Provided records |
^^^^^^^^^^^^^^^^

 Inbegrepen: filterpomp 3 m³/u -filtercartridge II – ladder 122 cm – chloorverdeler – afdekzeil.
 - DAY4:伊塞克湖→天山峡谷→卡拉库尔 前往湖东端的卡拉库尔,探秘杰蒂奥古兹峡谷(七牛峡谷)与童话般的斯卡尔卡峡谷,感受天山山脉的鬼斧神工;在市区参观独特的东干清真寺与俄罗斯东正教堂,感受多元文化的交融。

^^^^^^^^^^^^^^^^

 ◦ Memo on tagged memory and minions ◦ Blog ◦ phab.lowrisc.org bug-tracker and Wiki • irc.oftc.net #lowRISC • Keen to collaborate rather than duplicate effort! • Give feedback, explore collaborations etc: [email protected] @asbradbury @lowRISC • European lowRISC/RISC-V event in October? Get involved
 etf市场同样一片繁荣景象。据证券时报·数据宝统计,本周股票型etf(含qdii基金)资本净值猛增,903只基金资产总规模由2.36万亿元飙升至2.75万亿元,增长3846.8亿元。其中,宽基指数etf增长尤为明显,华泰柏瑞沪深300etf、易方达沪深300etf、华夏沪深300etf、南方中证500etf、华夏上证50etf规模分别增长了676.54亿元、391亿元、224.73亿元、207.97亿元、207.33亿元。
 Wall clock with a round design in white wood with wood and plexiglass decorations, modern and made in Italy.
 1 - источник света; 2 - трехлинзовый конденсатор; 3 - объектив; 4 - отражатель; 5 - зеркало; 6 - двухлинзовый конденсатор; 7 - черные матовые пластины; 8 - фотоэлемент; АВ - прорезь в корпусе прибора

^^^^^^^^^^^^^^^^

After locating the line holding "etf市场同样一片繁荣景象。" above, output exactly that line and every line after it through the line holding "1 - источник". Include nothing else.

Final answer |
 etf市场同样一片繁荣景象。据证券时报·数据宝统计,本周股票型etf(含qdii基金)资本净值猛增,903只基金资产总规模由2.36万亿元飙升至2.75万亿元,增长3846.8亿元。其中,宽基指数etf增长尤为明显,华泰柏瑞沪深300etf、易方达沪深300etf、华夏沪深300etf、南方中证500etf、华夏上证50etf规模分别增长了676.54亿元、391亿元、224.73亿元、207.97亿元、207.33亿元。
 Wall clock with a round design in white wood with wood and plexiglass decorations, modern and made in Italy.
 1 - источник света; 2 - трехлинзовый конденсатор; 3 - объектив; 4 - отражатель; 5 - зеркало; 6 - двухлинзовый конденсатор; 7 - черные матовые пластины; 8 - фотоэлемент; АВ - прорезь в корпусе прибора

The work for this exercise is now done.